#### [EXERCISE REQUIREMENTS]
Please give the records below again in full, exactly, with the images left out.

#### [PROVIDED RECORDS]
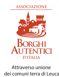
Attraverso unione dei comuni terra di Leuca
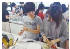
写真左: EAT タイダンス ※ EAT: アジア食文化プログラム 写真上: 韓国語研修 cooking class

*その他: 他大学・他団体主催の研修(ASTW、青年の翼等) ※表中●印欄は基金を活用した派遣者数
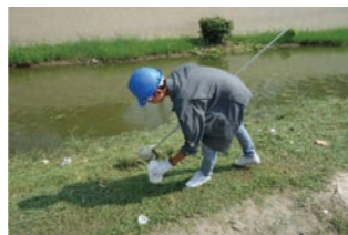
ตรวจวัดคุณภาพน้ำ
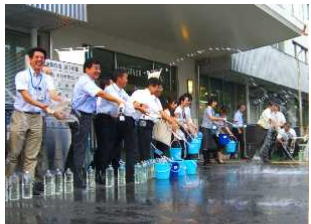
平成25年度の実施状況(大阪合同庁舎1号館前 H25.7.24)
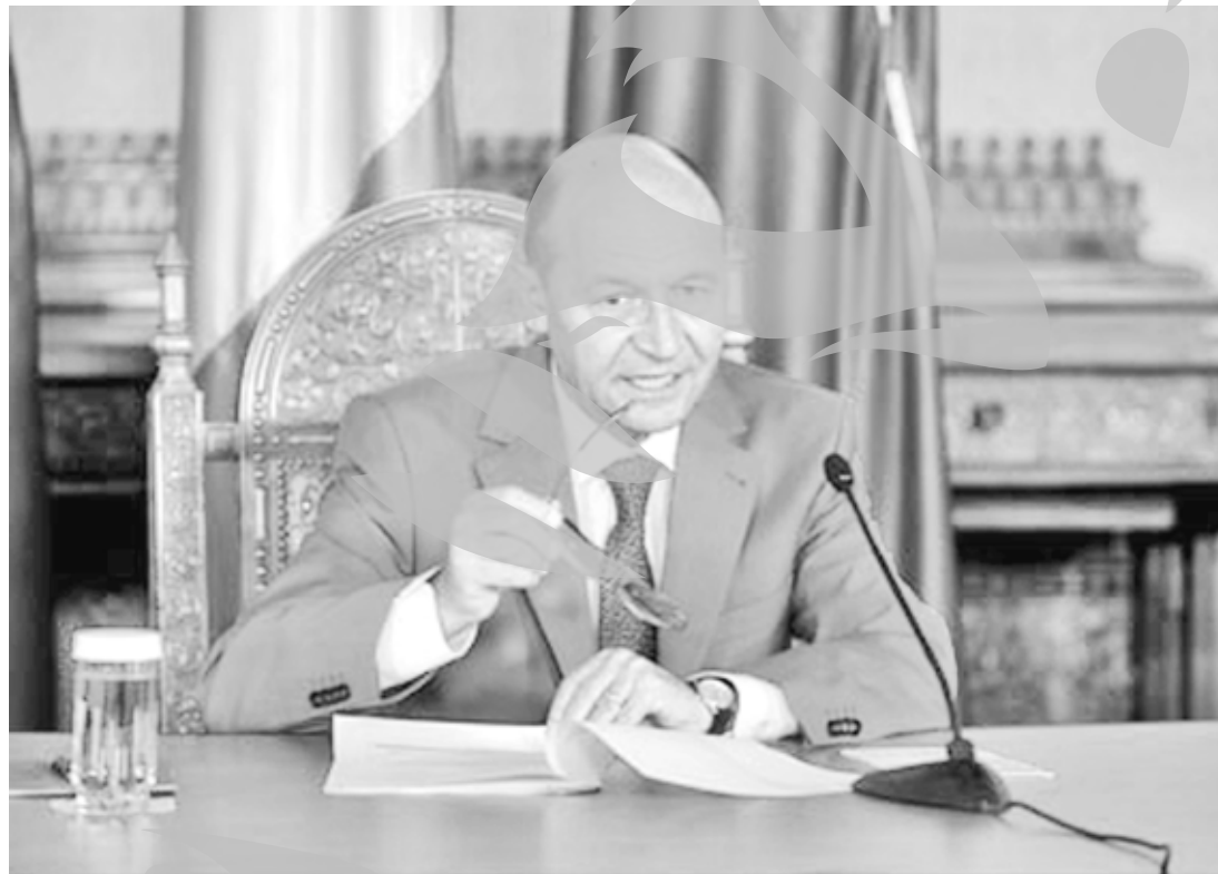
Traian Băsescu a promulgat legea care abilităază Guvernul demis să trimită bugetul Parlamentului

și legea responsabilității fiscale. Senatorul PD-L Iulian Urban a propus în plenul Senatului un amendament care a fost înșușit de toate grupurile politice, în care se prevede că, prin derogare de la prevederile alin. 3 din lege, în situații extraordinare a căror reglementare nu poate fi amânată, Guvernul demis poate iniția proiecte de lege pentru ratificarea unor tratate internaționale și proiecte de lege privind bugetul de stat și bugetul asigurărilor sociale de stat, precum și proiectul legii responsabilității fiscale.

#### [SOLVED EXERCISE]
Attraverso unione dei comuni terra di Leuca
写真左: EAT タイダンス ※ EAT: アジア食文化プログラム 写真上: 韓国語研修 cooking class

*その他: 他大学・他団体主催の研修(ASTW、青年の翼等) ※表中●印欄は基金を活用した派遣者数
ตรวจวัดคุณภาพน้ำ
平成25年度の実施状況(大阪合同庁舎1号館前 H25.7.24)
Traian Băsescu a promulgat legea care abilităază Guvernul demis să trimită bugetul Parlamentului

și legea responsabilității fiscale. Senatorul PD-L Iulian Urban a propus în plenul Senatului un amendament care a fost înșușit de toate grupurile politice, în care se prevede că, prin derogare de la prevederile alin. 3 din lege, în situații extraordinare a căror reglementare nu poate fi amânată, Guvernul demis poate iniția proiecte de lege pentru ratificarea unor tratate internaționale și proiecte de lege privind bugetul de stat și bugetul asigurărilor sociale de stat, precum și proiectul legii responsabilității fiscale.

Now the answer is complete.